Он поспешно извинился, но девочка лишь молча глянула на него круглыми перепуганными глазами.
Тогда Байрон опустился рядом с ней на колени, чтобы показать, что наступил на ее одеяло случайно, не имея никаких дурных намерений. Он не оставался наедине с Джини с тех пор, как тогда, в самый первый раз, отыскал ее спящей в кроватке Люси. И теперь просто не знал, что ей сказать. Он смотрел на этот ужасный жесткий футляр из потрепанной кожи, в который была упрятана ее нога, на все эти ремешки и пряжки. Впечатление все это производило действительно страшноватое. Джини негромко шмыгнула носом, и Байрон увидел, что она плачет. Он спросил, не хочет ли она, чтобы он показал ей кукольный спектакль, и она молча кивнула.

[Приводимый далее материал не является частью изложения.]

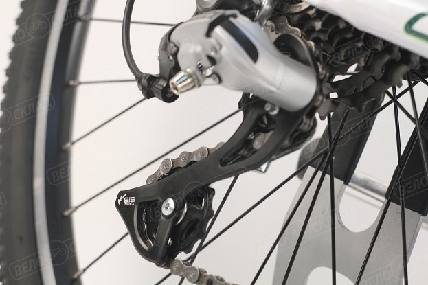 Переключает (перебрасывает) цепь на задних звездах. Принцип действия у всех одинаков — приводится в движение тросиком. Отличаются классом и производителем. Если рассматривать их взаимозаменяемость, то нужно учитывать следующие: параметры и диаметр крепежного хомута, его расположение (верхний или нижний), как подведен тросик (сверху или снизу переключателя, так называемая, тяга переключателя), а также количество зубьев на звездах. Регулировка заднего переключателя производится по тому же принципу что и регулировка переднего, однако здесь есть свои особенности. Так как данный тип оборудования достаточно обособлен от общей конструкции, некоторые велосипедисты устанавливают на ось специальную защитную скобу.

Байрон надел на головы кукол шляпы, а тела облачил в платья. Потом сказал: какой стыд, что все эти куклы переломаны. И снова Джини кивнула в знак согласия.
– Хочешь, я их починю? – спросил Байрон.
На это она по-прежнему не ответила ни слова и даже не кивнула, но все же робко улыбнулась.
Байрон выбрал одну из голов и подходящее к ней тело и попытался соединить. Сперва у него ничего не получалось, но потом неожиданно голова со щелчком встала на место, и кукла стала целой.